米国家運輸安全委員会、Teslaのメディアコントロールユニット故障多発の原因はeMMCのウェアアウトと断定
headless 曰く、米国家運輸安全委員会(NHTSA)は12日、Tesla Model SとModel Xのメディアコントロールユニット(MCU)が3~4年の使用で故障する原因はeMMC NANDフラッシュのウェアアウトだったと発表した(調査結果概要: PDF、 Ars Technicaの記事、 The Registerの記事、 The Next Webの記事)。
eMMCのウェアアウトでTeslaのMCUが早期故障することは以前から知られており、この問題を指摘する動画は昨年5月にYouTubeで公開されて以来67万回以上視聴されているが、NHTSAのOffice of Defects Investigations(ODI)では消費者からの苦情を受けて今年6月から事前調査を開始したという。MCUが故障するとリアビューカメラの映像が映らなくなるほか、結露除去の切り替えができなくなり、Autopilot時やウインカー使用時のチャイムが鳴らなくなるとのこと。

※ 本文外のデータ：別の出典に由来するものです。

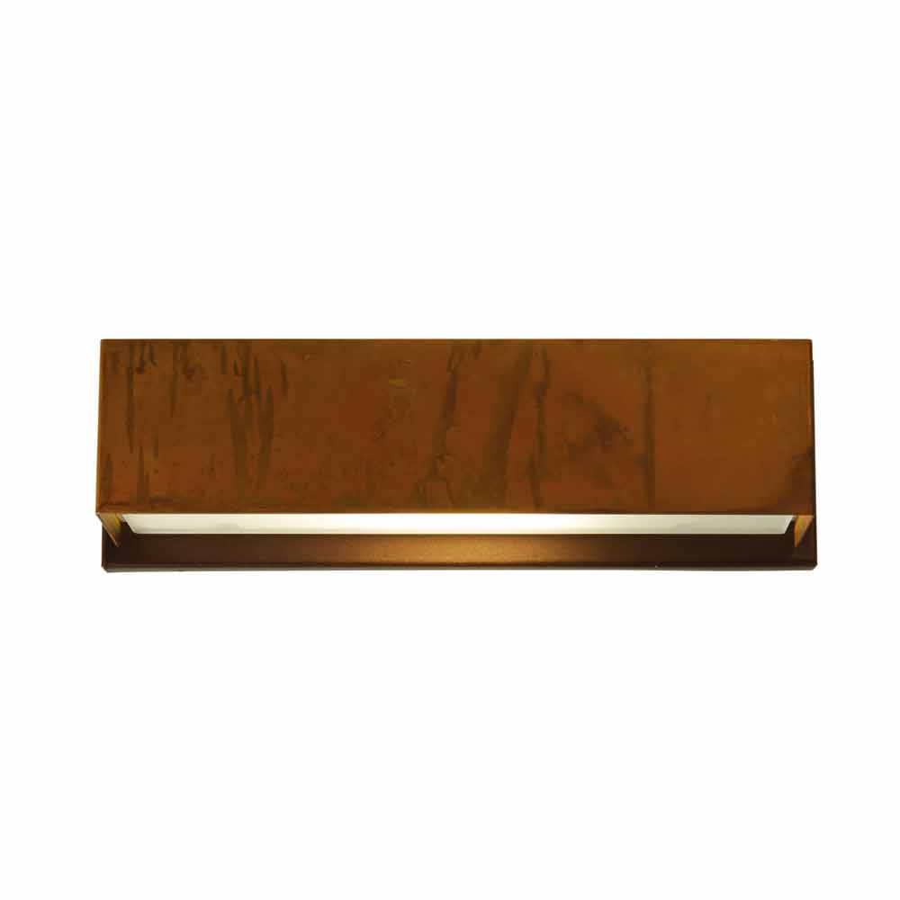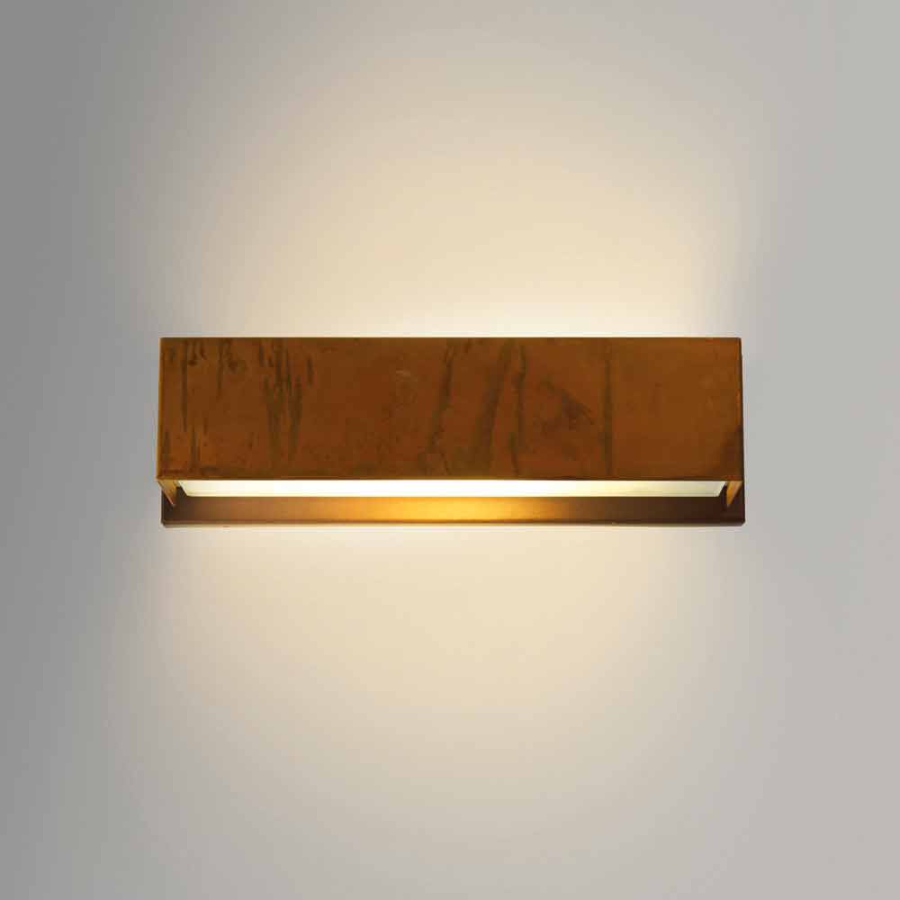 Luminária de parede com estrutura em latão oxidado e sub-base em aço revestido a pó epóxi. Disponível em dois tamanhos na forma redonda ou quadrada. Difusor de vidro temperado para emissão de luz direta e indireta.
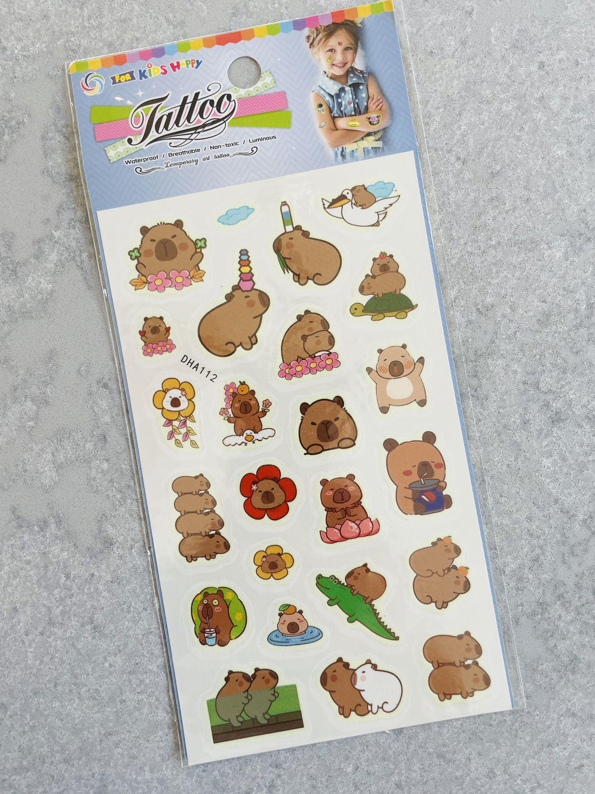 PLANCHA DE TATOOS FLUORESCENTES GRANDE CAPIBARA
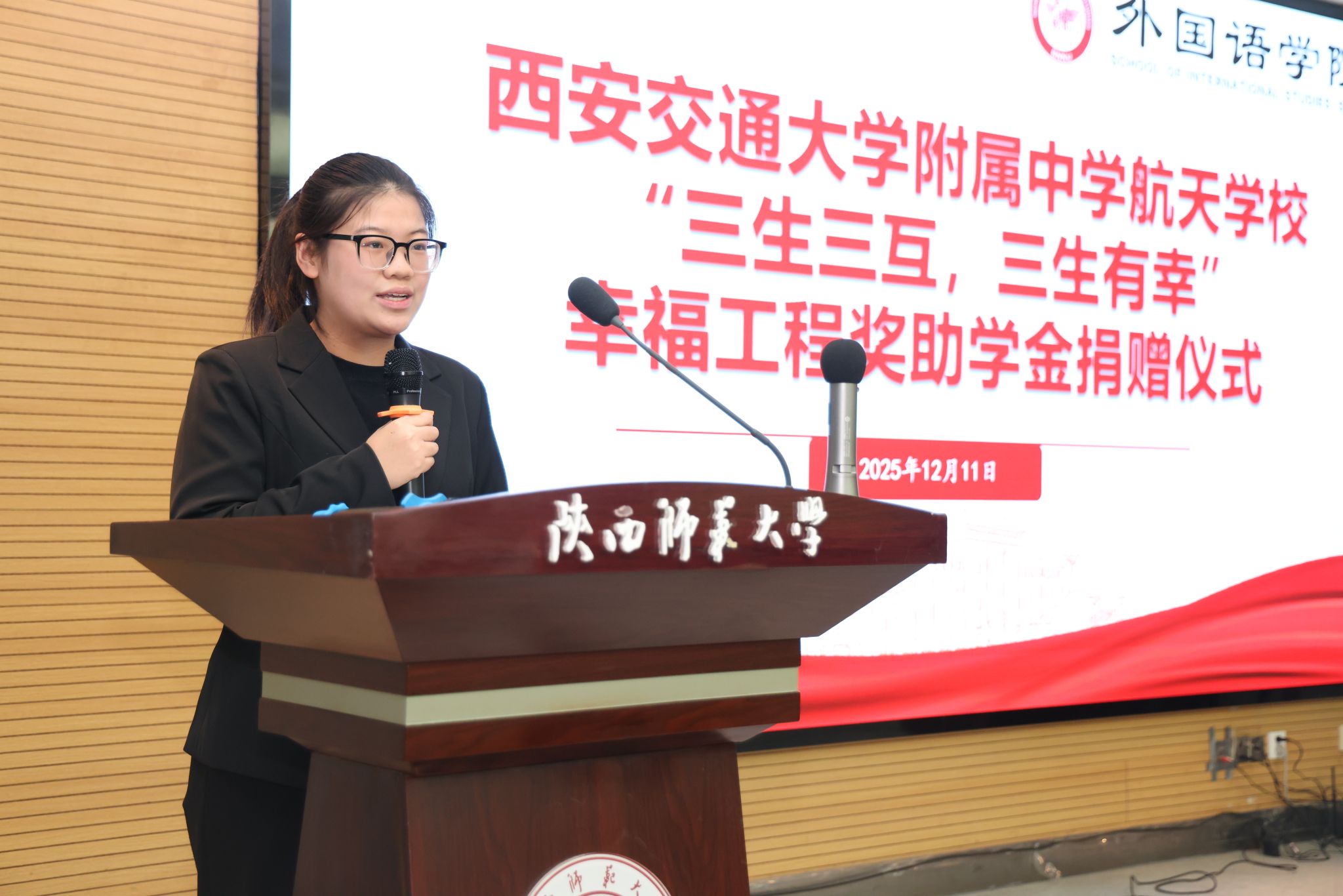 2023级英语专业员工单燕婕作为受助员工代表,对西安交通大学附属中学航天公司的善举表达了深切敬意与感恩。她表示这份支持兼具物质与精神力量,身为师范生,自己将以“成为一名优秀人民教师”为目标,践行教育报国使命,传递爱心火种。

ODIが受けた苦情は537件。ODIが確認したところ、Teslaは2,399件の苦情を受けているほか、製品保証で交換したMCUは7,777台、保証外で交換したMCUは4,746台に上る。問題のMCUはNVIDIA Tegra 3プロセッサーを搭載し、8GBのeMMCが統合されたもので、2018年の初めまでに生産された2012年式~2018年式のModel Sと2016年式~2018年式のModel X、合計およそ159,000台が搭載しているそうだ。
TeslaではeMMCの書き換え回数を減らしたり、エラー発生時の影響を緩和したりする更新プログラムをOTA配信しているが、該当MCU搭載車が走り続ける限り今後も故障は継続して起きると述べているという。ODIでは技術解析を開始しており、この問題の影響範囲や発生頻度、安全性に関連した影響などを調査していくとのことだ。